Carry none of the pictures over; write out the complete data exactly.

Data segment
-*-

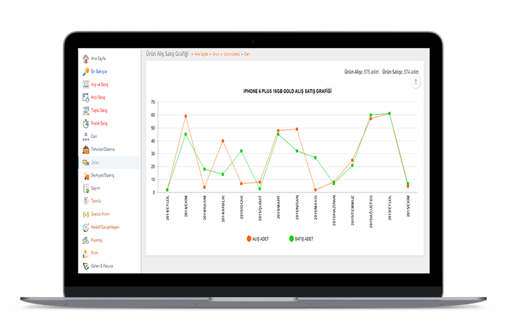 Ciro ve karlılık raporlarına online ulaşabilir, kategori bazlı ürün satışlarınızı takip edebilirsiniz.
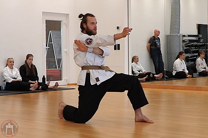 Erwärmung standen Kumite sowie Ippon und Kempo-Kumite auf dem Trainingsplan. Am Nachmittag ist die große Gruppe der Teilnehmern dann in 3 kleinere Gruppen aufgeteilt worden. Während sich Prüflinge unter den kritischen Augen und hilfreichen Tipps von Sensei Naß auf ihre bevorstehenden Prüfung vorbereiteten, welche am folgenden Wochenende
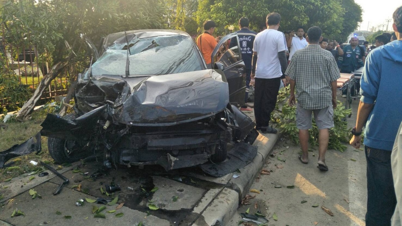 ที่เกิดเหตุ เป็นถนน 4 เลน รถวิ่งสวนทางกันบริเวณโค้งด้านหน้าโรงงานบนฟุตปาท พบรถยนต์เก๋ง ยี่ห้อโตโยต้า รุ่นวีออส สีดำ หมายเลขทะเบียน ชท 2416 กทม.จอดอยู่ในลักษณะหน้ารถพังยับเยิน กระจกหน้ารถแตกละเอียด ภายในรถพบผู้บาดเจ็บ จำนวน 1 ราย ทราบชื่อภายหลัง นายธีระดล จิตรจันทึก อายุ 24 ปี นักศึกษาชั้นปีที่ 1 สาขา/วิชาเอกวิทยุกระจายเสียงและวิทยุโทรทัศน์ มหาวิทยาลัยราชภัฏธนบุรี อยู่บ้านเลขที่ 294/11 ม.1 ต.ในคลองบางปลากด อ.พระสมุทรเจดีย์ จ.สมุทรปราการ อาการสาหัส เจ้าหน้าที่กู้ภัยเร่งปฐมพยาบาลเบื้องต้น ก่อนส่งรักษาต่อที่โรงพยาบาลกรุงเทพพระประแดง

-*-

Task solution
 Ciro ve karlılık raporlarına online ulaşabilir, kategori bazlı ürün satışlarınızı takip edebilirsiniz.
 Erwärmung standen Kumite sowie Ippon und Kempo-Kumite auf dem Trainingsplan. Am Nachmittag ist die große Gruppe der Teilnehmern dann in 3 kleinere Gruppen aufgeteilt worden. Während sich Prüflinge unter den kritischen Augen und hilfreichen Tipps von Sensei Naß auf ihre bevorstehenden Prüfung vorbereiteten, welche am folgenden Wochenende
 ที่เกิดเหตุ เป็นถนน 4 เลน รถวิ่งสวนทางกันบริเวณโค้งด้านหน้าโรงงานบนฟุตปาท พบรถยนต์เก๋ง ยี่ห้อโตโยต้า รุ่นวีออส สีดำ หมายเลขทะเบียน ชท 2416 กทม.จอดอยู่ในลักษณะหน้ารถพังยับเยิน กระจกหน้ารถแตกละเอียด ภายในรถพบผู้บาดเจ็บ จำนวน 1 ราย ทราบชื่อภายหลัง นายธีระดล จิตรจันทึก อายุ 24 ปี นักศึกษาชั้นปีที่ 1 สาขา/วิชาเอกวิทยุกระจายเสียงและวิทยุโทรทัศน์ มหาวิทยาลัยราชภัฏธนบุรี อยู่บ้านเลขที่ 294/11 ม.1 ต.ในคลองบางปลากด อ.พระสมุทรเจดีย์ จ.สมุทรปราการ อาการสาหัส เจ้าหน้าที่กู้ภัยเร่งปฐมพยาบาลเบื้องต้น ก่อนส่งรักษาต่อที่โรงพยาบาลกรุงเทพพระประแดง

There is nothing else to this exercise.